After breakfast Bud went out and roped Hatrack, and after a tussle that lasted several strenuous minutes, brought him into camp. Hatrack certainly was a sorry-looking beast.

His long, dirty, yellowish-brown hair was rumpled and fluffed up. His ribs showed sharp, and his tail was full of burs, while his short and scraggy mane was missing in spots.

His flanks had been rubbed bare of hair where he had lain for many nights on the rocks and in the sands of the desert.

"Well, dog my cats, if he ain't ther orneriest-lookin' beast what ever toted a saddle," said Bud, looking him over, as Hatrack stood with drooping head and ears.

"Bud, he isn't worth making cat's meat out of," said Ben. "I guess you made that race to get rid of him.

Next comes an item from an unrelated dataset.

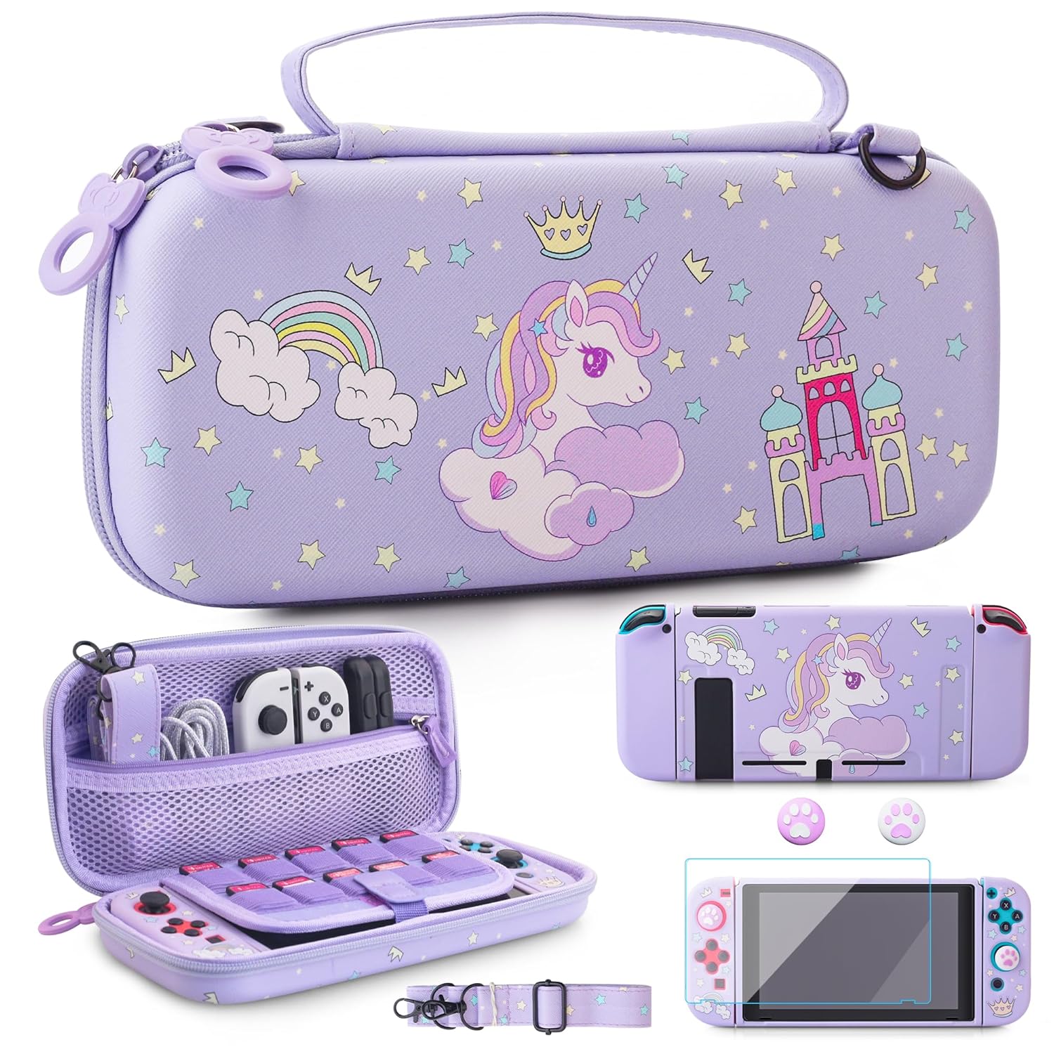 - 【You Can Get】1 x Purple Carrying Case for Unicorn; 1 x Soft TPU Cover for Nitendo Switch ; 1 x Glass Screen Protector; 2 x Cute Thumb Caps; 1 x Shoulder Strap; and long-term friendly customer service. If you have any questions, please feel free to contact us.

It's easier and more humane than shooting him or abandoning him to the prairie wolves."

"Reckon so?" asked Bud, looking at Ben out of the corner of a twinkling eye.

"Oh, dear me, but he's awfully ugly," said Stella, coming from the tent which she and her aunt, Mrs. Graham, occupied a short distance from the camp.

She was as spick and span as a new dollar, nattily dressed in a bifurcated riding skirt, from beneath which peeped a pair of high tan riding boots.

Her white Stetson had just the right curl of brim to be most becoming, and her wavy hair fell in profusion over her shoulders.

She was pulling on a pair of fringed gauntlets, and her braided quirt, with a silver knob for a handle, hung by its thong from her slender wrist.